#### WHAT YOU HAVE TO DO
Go through the listing below and write out exactly the lines from the one that mentions "000多片玻璃,近18, 000个钢梁,6, 000多个铸钢节构成;可谓创意十足。" through the one that mentions "Though there are", minus the pictures.

#### MATERIAL SUPPLIED
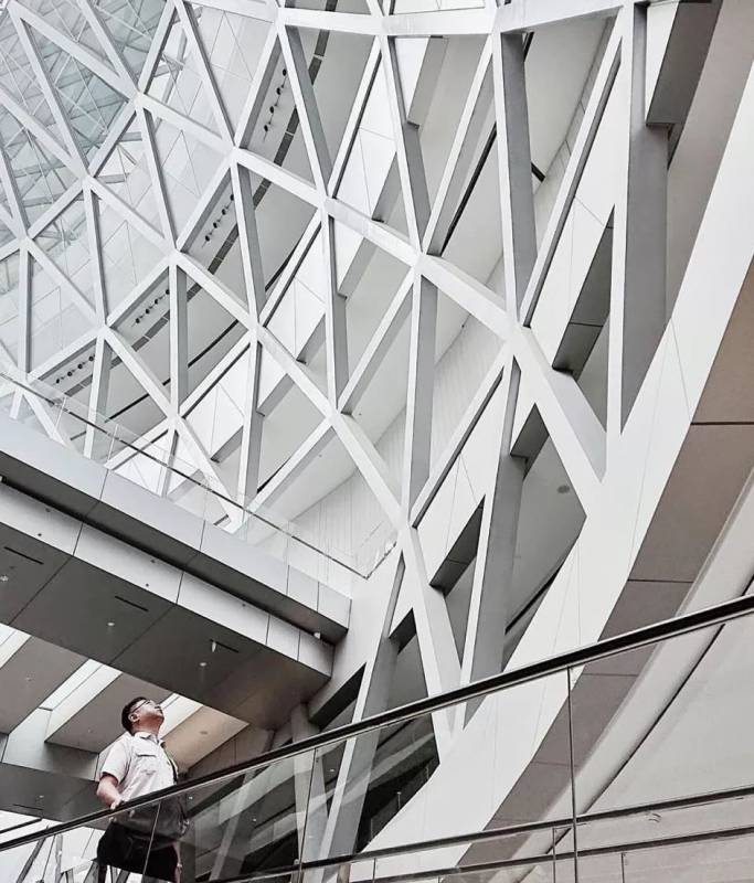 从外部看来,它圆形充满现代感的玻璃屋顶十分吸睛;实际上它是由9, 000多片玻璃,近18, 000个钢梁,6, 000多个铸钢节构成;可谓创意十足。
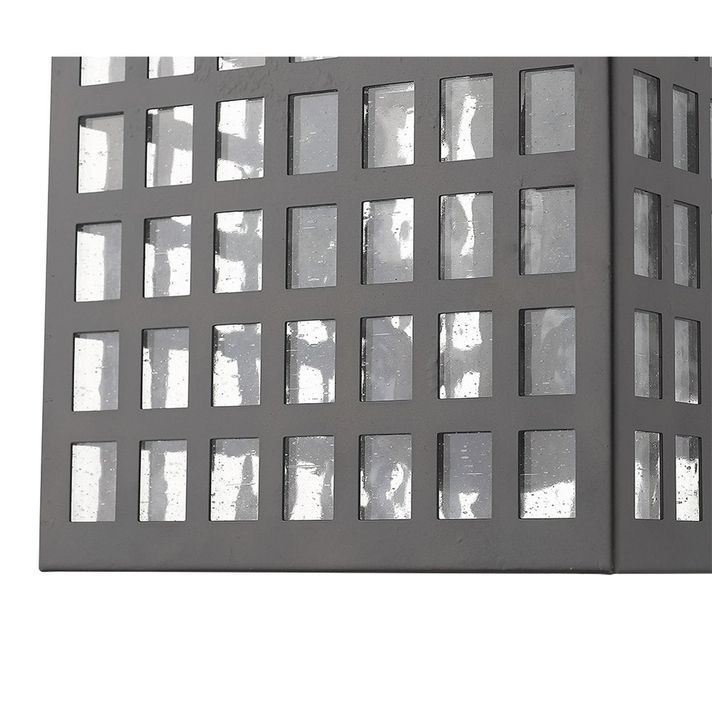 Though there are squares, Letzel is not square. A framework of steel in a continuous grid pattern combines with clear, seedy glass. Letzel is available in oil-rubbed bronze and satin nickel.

--

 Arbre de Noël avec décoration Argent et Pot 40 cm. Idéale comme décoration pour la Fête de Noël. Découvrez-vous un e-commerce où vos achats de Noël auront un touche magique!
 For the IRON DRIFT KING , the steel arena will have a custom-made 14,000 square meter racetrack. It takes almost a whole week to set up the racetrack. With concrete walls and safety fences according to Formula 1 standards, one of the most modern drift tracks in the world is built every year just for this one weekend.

#### SOLVED EXERCISE
 从外部看来,它圆形充满现代感的玻璃屋顶十分吸睛;实际上它是由9, 000多片玻璃,近18, 000个钢梁,6, 000多个铸钢节构成;可谓创意十足。
 Though there are squares, Letzel is not square. A framework of steel in a continuous grid pattern combines with clear, seedy glass. Letzel is available in oil-rubbed bronze and satin nickel.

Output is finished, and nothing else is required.